### Source material
- - - -

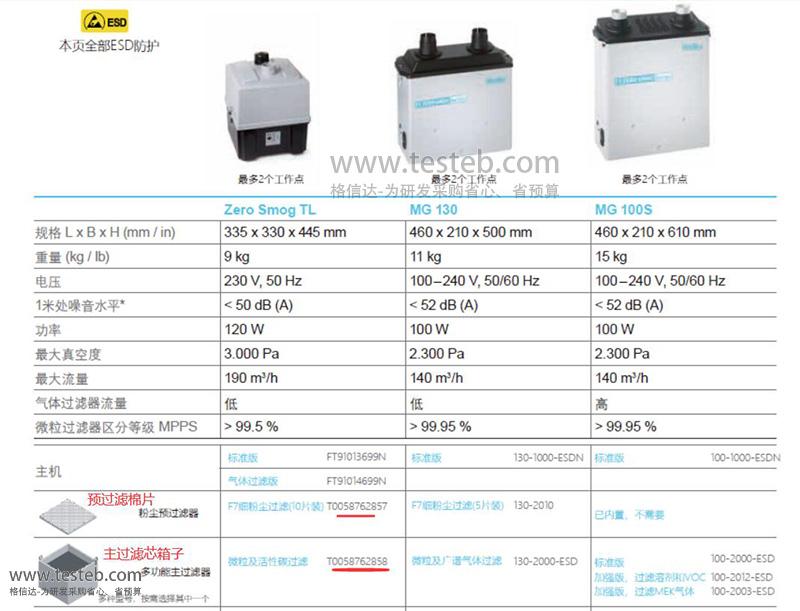 FT91013699N:ZSTL吸煙儀煙霧凈化器標(biāo)準(zhǔn)版主機,ZERO SMOG TL FUME EXTR. UNIT 230V F/G FT91014699N:TL煙霧凈化器,氣體過濾版主機,ZERO SMOG TL W. GAS FILTER 230V F/G T0058762857:TL煙霧凈化器,F(xiàn)7粉塵預(yù)過濾濾芯(10片裝),F(xiàn)INE DUST FILTER F7 (10) 255X255 T0058762858:TL煙霧凈化器 多功能主過濾濾芯(微粒及活性碳) FILTER SET H13 W. 10 FINEPART FILTERS F7 FT91015699N:TL煙霧凈化器套裝1 含一套管子和喇叭口,ZERO SMOG TL KIT1 WF FUNNEL 230V F/G FT91016699N:TL煙霧凈化器套裝2 含2套管子和斜口,ZE. SMOG TL KIT2 2x0F15 2xFT_NL 230V F/G FT91017699N:ZERO SMOG TL KIT 2雙工位煙霧凈化器 喇叭口,ZERO SMOG TL KIT2 2x0F15 2xALFA 230V F/G |
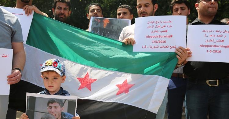 خبر بالصور .. لاجئو سوريا في غزة : الجرح واحد يا حلب
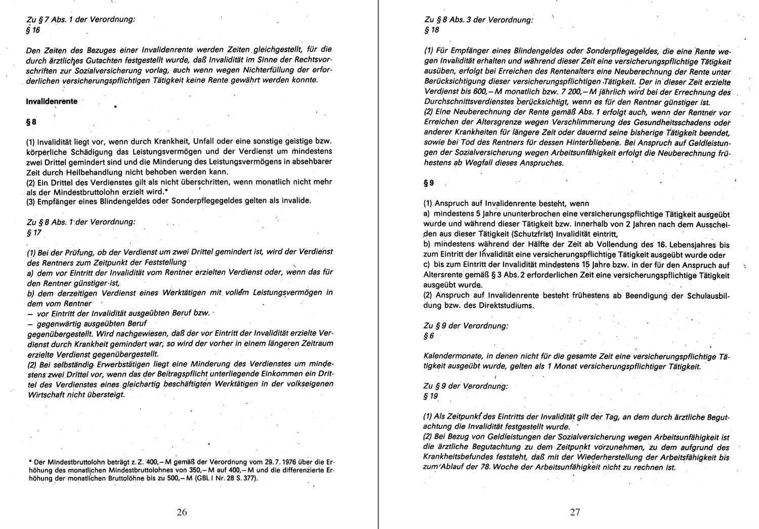 Taschenbuch, Reprint, 132 Seiten, Rentenversorgung der Arbeiter und Angestellten - Bergmannsrente - Unterhaltsrente - FZR-Verordnung, Rente für Frauen ab 60, Rente für Männer ab 65. Mit einer Liste der Preise in der DDR bis 1989INHALTGewährung und Berechnung von Renten der Sozialpflichtversicherung 1. Rentenverordnung 1979 1. Verordnung über die Gewährung und Berechnung von Renten der Sozialpflichtversicherung vom 23. November 1979 (GBl. I Nr. 43 S. 401)2. Rentenverordnung 1984 2. Verordnung über die Gewährung und Berechnung von Renten der Sozialpflichtversicherung vom 26. Juli 1984 (GBl. I Nr. 23 S. 281)Gewährung und Berechnung von Zusatzrenten aus der freiwilligen Zusatzrentenversicherung der Sozialversicherung FZR-Verordnung 1977 Verordnung über die freiwillige Zusatzrentenversicherung der Sozialversicherung vom 17. November 1977 (GBl. I Nr. 35 S. 395)
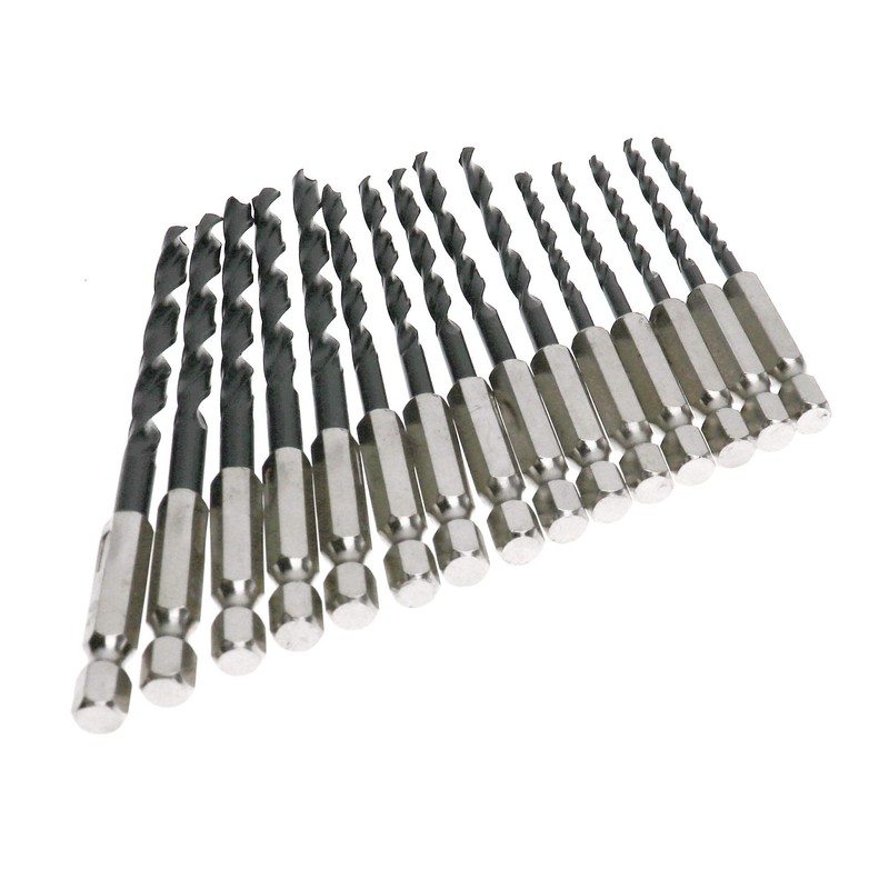 - 15-piece hexagonal shank HSS drill
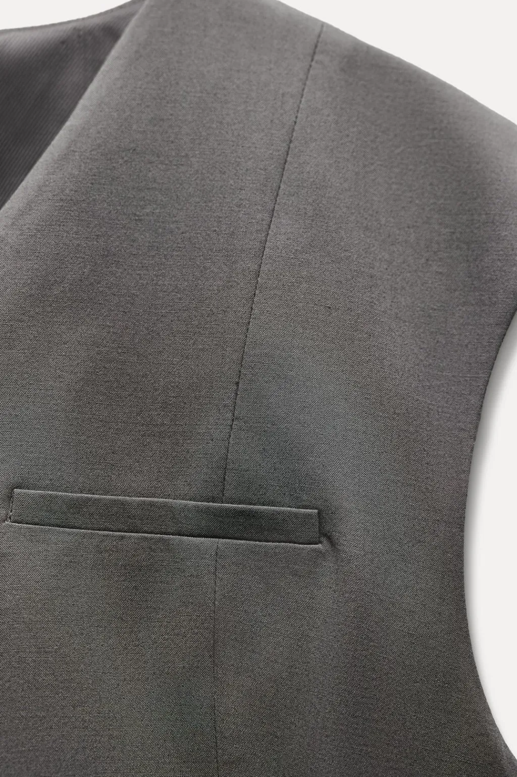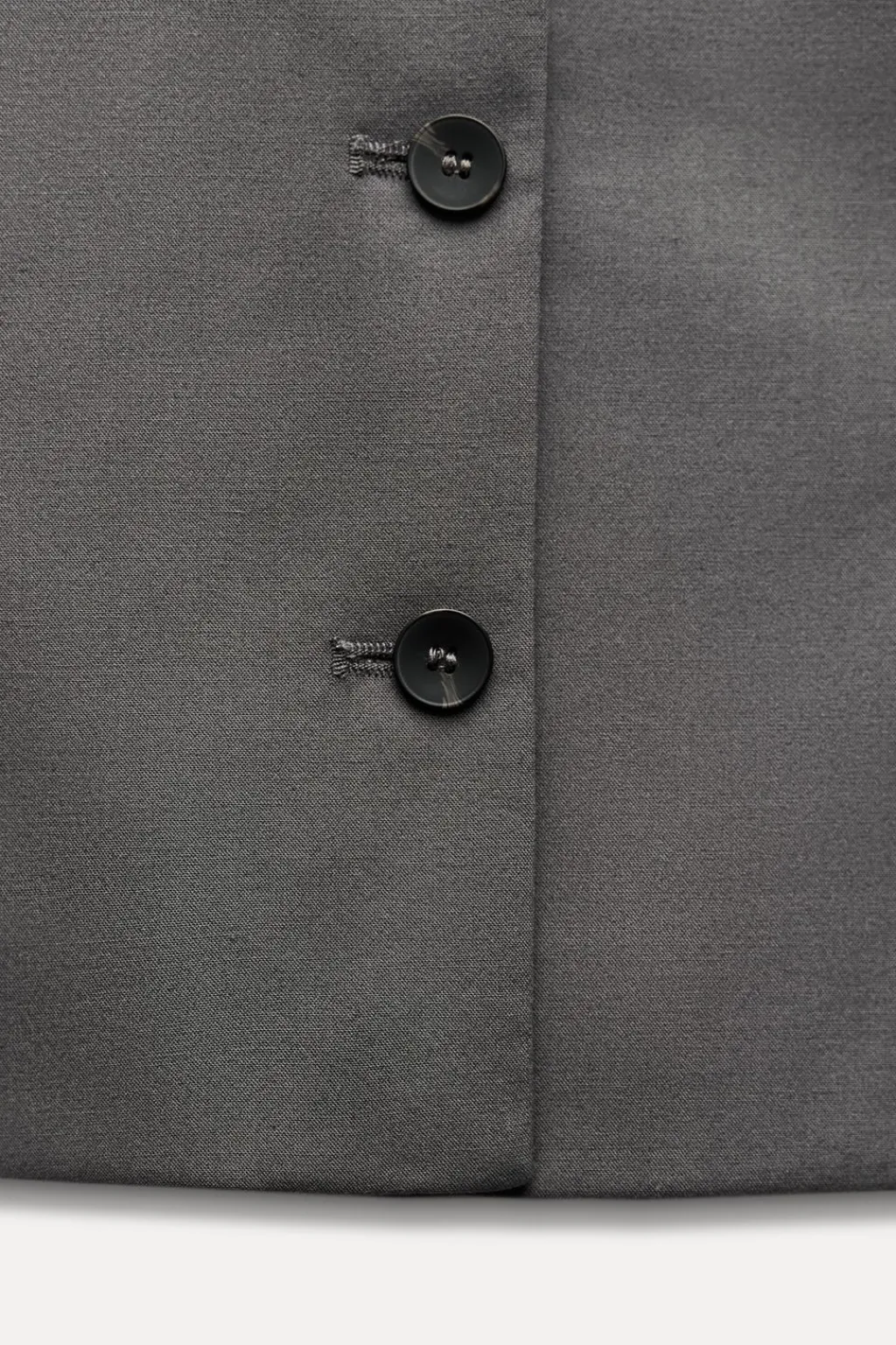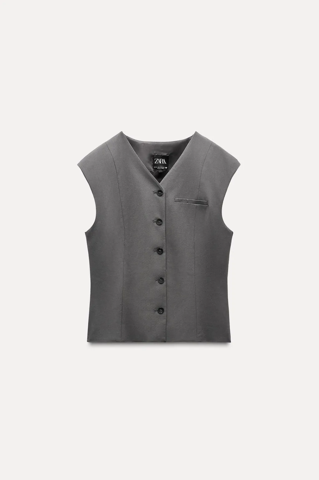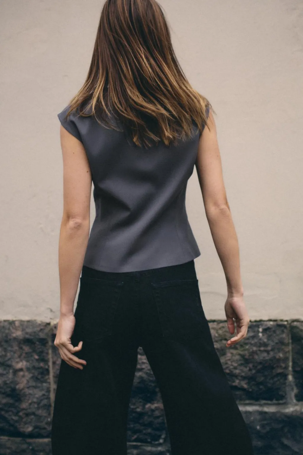 Chaleco top entallado de cuello pico y manga sisa. Falso bolsillo de vivo en pecho. Cierre frontal con botones.

- - - -

Give all entries again verbatim, without any images.

 FT91013699N:ZSTL吸煙儀煙霧凈化器標(biāo)準(zhǔn)版主機,ZERO SMOG TL FUME EXTR. UNIT 230V F/G FT91014699N:TL煙霧凈化器,氣體過濾版主機,ZERO SMOG TL W. GAS FILTER 230V F/G T0058762857:TL煙霧凈化器,F(xiàn)7粉塵預(yù)過濾濾芯(10片裝),F(xiàn)INE DUST FILTER F7 (10) 255X255 T0058762858:TL煙霧凈化器 多功能主過濾濾芯(微粒及活性碳) FILTER SET H13 W. 10 FINEPART FILTERS F7 FT91015699N:TL煙霧凈化器套裝1 含一套管子和喇叭口,ZERO SMOG TL KIT1 WF FUNNEL 230V F/G FT91016699N:TL煙霧凈化器套裝2 含2套管子和斜口,ZE. SMOG TL KIT2 2x0F15 2xFT_NL 230V F/G FT91017699N:ZERO SMOG TL KIT 2雙工位煙霧凈化器 喇叭口,ZERO SMOG TL KIT2 2x0F15 2xALFA 230V F/G |
 خبر بالصور .. لاجئو سوريا في غزة : الجرح واحد يا حلب
 Taschenbuch, Reprint, 132 Seiten, Rentenversorgung der Arbeiter und Angestellten - Bergmannsrente - Unterhaltsrente - FZR-Verordnung, Rente für Frauen ab 60, Rente für Männer ab 65. Mit einer Liste der Preise in der DDR bis 1989INHALTGewährung und Berechnung von Renten der Sozialpflichtversicherung 1. Rentenverordnung 1979 1. Verordnung über die Gewährung und Berechnung von Renten der Sozialpflichtversicherung vom 23. November 1979 (GBl. I Nr. 43 S. 401)2. Rentenverordnung 1984 2. Verordnung über die Gewährung und Berechnung von Renten der Sozialpflichtversicherung vom 26. Juli 1984 (GBl. I Nr. 23 S. 281)Gewährung und Berechnung von Zusatzrenten aus der freiwilligen Zusatzrentenversicherung der Sozialversicherung FZR-Verordnung 1977 Verordnung über die freiwillige Zusatzrentenversicherung der Sozialversicherung vom 17. November 1977 (GBl. I Nr. 35 S. 395)
 - 15-piece hexagonal shank HSS drill
 Chaleco top entallado de cuello pico y manga sisa. Falso bolsillo de vivo en pecho. Cierre frontal con botones.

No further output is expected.